Letting \(a,b \in B\) be arbitrary, we then have
\begin{align*}
0 &= \phi(a + b, a+b) \\
&= \phi(a, a+b) + \phi(b, a+b) \\
&= \phi(a, a) + \phi(a, b) + \phi(b, a) + \phi(b, b) \\
&= \phi(a, b) + \phi(b, a) \\
&\implies \phi(a,b) = -\phi(b, a)
,\end{align*}
which shows that \(\phi\) is skew-symmetric.
\(\impliedby\) Suppose \(\phi\) is skew-symmetric, so \(\phi(a,b) = -\phi(b, a)\) for all \(a, b\in B\).
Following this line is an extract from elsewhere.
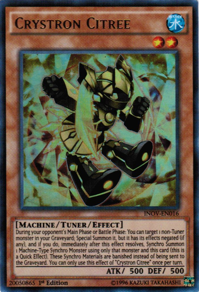 During your opponent's Main Phase or Battle Phase: You can target 1 non-Tuner monster in your Graveyard; Special Summon it, but it has its effects negated (if any), and if you do, immediately after this effect resolves, Synchro Summon 1 Machine-Type Synchro Monster using only that monster and this card (this is a Quick Effect). These Synchro Materials are banished instead of being sent to the Graveyard. You can only use this effect of "Crystron Citree" once per turn.

Then \(\phi(b, b) = - \phi(b, b)\) by transposing the terms, which says that \(\phi(b, b) = 0\) for all \(b\in B\) and thus \(\phi\) is alternating.
Problem 2
Let \(f(x) = \operatorname{det}(P + xQ) \in R[x]\), then \(f\) is a polynomial in \(x\) which is not identically zero.
To see that \(f \not \equiv 0\), we can use that fact that \(P\) is invertible to evaluate \(f(0) = \operatorname{det}(P) \neq 0\).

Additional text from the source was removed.